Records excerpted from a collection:
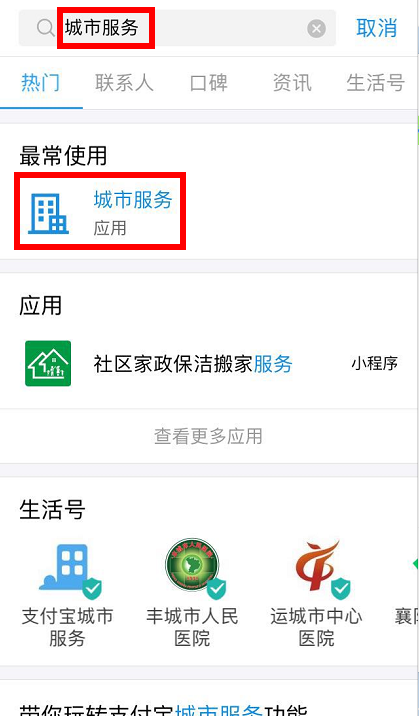 第一步,打开支付宝,点击“城市服务”,或者在搜索框输入:城市服务,直接搜索。
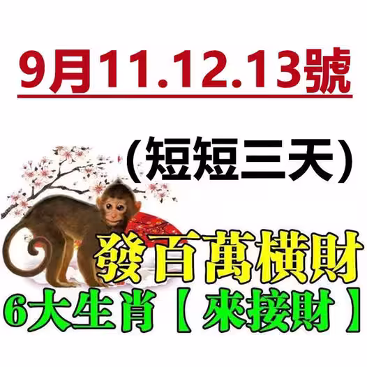 9月11、12、13號(短短三天)發百萬橫財,6大生肖來接財
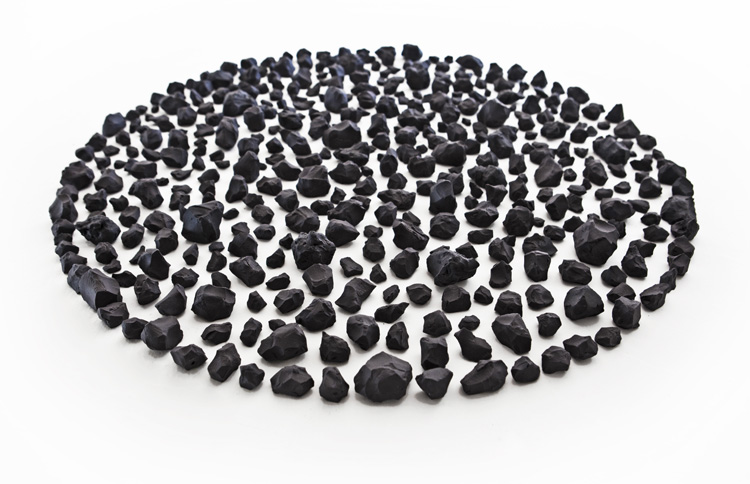 Esta contaminación del carbón se puede recoger y medir mediante su fijación en las capas de hielo perpetuas de la Antártida, generando un hielo negro que se remonta a los inicios de la actividad industrial del siglo XIX. Una polución que llegó 22 años antes de que el explorador noruego Roald Amundsen descubriera el continente en 1911. Black Ice es una pieza que reflexiona sobre la contaminación del carbón en nuestro medio ambiente y se formaliza mediante piezas de porcelana negras en forma de piedras de carbón. Un hielo contaminado y negro que nos presenta una realidad que debemos cambiar. Su montaje en círculo nos habla de una forma continua, sin fin, un círculo vicioso que está llevando al medio ambiente hasta su límite, hasta su colapso y nosotros nos estamos viendo afectados.
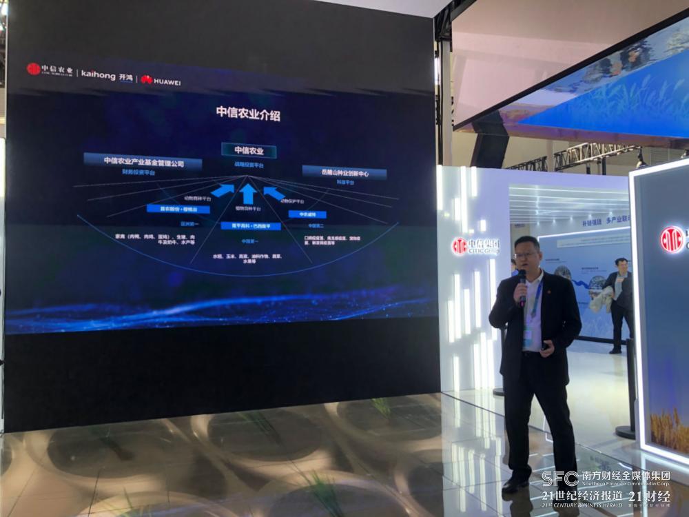 中信集团在绿色农业链展区亮相。11月29日,中信农业科技股份有限公司(简称“中信农业”)联合深圳开鸿数字产业发展有限公司、华为技术有限公司,在展会上正式对外发布国内首个自主可控的农业开源鸿蒙操作系统。
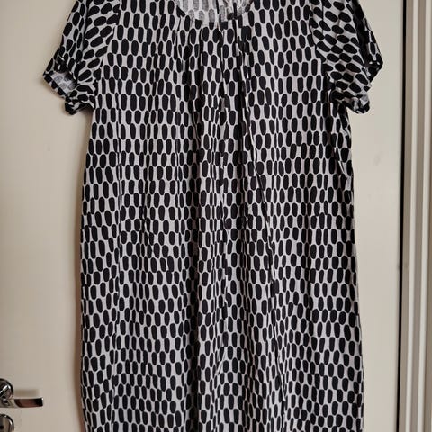 Marimekon trikoomekko, ei rypisty. Koko XXL. Raikas linssi on malli. Vyötäröllä kuminauha.
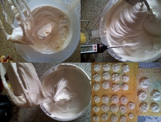 Слева направо и сверху вниз необходимые приблуды для изготовления зефира - ёмкость для взбивания, миксер (желательно не такой древний ручной как у меня, а стационарный ватт на 900), кастрюля с антипригарным покрытием для варки сиропа, силиконовая ложка (можно деревянную), кулинарный термометр (можно без него), три кондитерских мешка, на них тёрочка для цедры, кондитерский гвоздь для роз на квадратиках бумаги для выпечки, три насадки на кондитерские мешки (для роз, для цветка, для рифленых завитков). Всё это стоит на подложках для отсаживания зефирок (у меня это старые пластиковые подставки под тарелки).
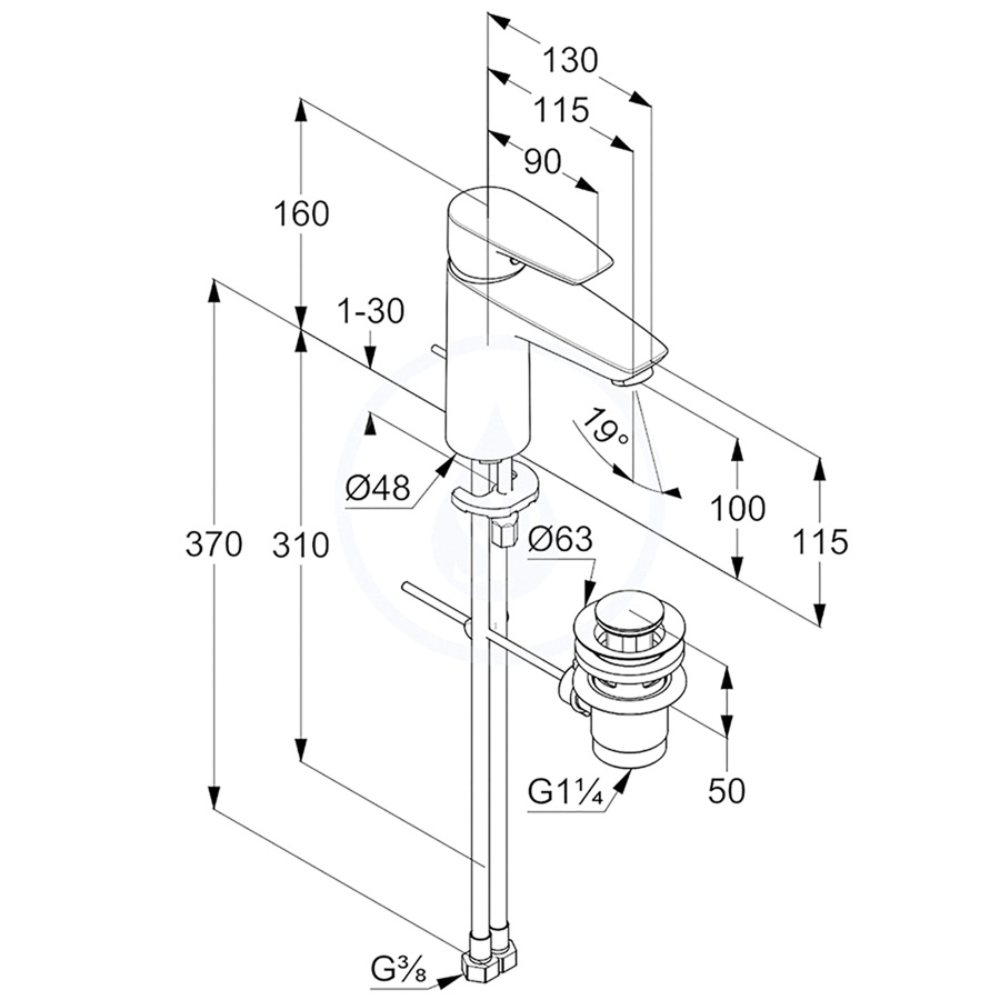 Domov Batérie Umývadlové batérie KLUDI Pure&Solid Umývadlová batéria s výpustom, chróm

Task to complete
Go back to the entries above and restate word for word every line from the first through the one that contains "Marimekon trikoomekko, ei", leaving the pictures behind.

Exercise solution
 第一步,打开支付宝,点击“城市服务”,或者在搜索框输入:城市服务,直接搜索。
 9月11、12、13號(短短三天)發百萬橫財,6大生肖來接財
 Esta contaminación del carbón se puede recoger y medir mediante su fijación en las capas de hielo perpetuas de la Antártida, generando un hielo negro que se remonta a los inicios de la actividad industrial del siglo XIX. Una polución que llegó 22 años antes de que el explorador noruego Roald Amundsen descubriera el continente en 1911. Black Ice es una pieza que reflexiona sobre la contaminación del carbón en nuestro medio ambiente y se formaliza mediante piezas de porcelana negras en forma de piedras de carbón. Un hielo contaminado y negro que nos presenta una realidad que debemos cambiar. Su montaje en círculo nos habla de una forma continua, sin fin, un círculo vicioso que está llevando al medio ambiente hasta su límite, hasta su colapso y nosotros nos estamos viendo afectados.
 中信集团在绿色农业链展区亮相。11月29日,中信农业科技股份有限公司(简称“中信农业”)联合深圳开鸿数字产业发展有限公司、华为技术有限公司,在展会上正式对外发布国内首个自主可控的农业开源鸿蒙操作系统。
 Marimekon trikoomekko, ei rypisty. Koko XXL. Raikas linssi on malli. Vyötäröllä kuminauha.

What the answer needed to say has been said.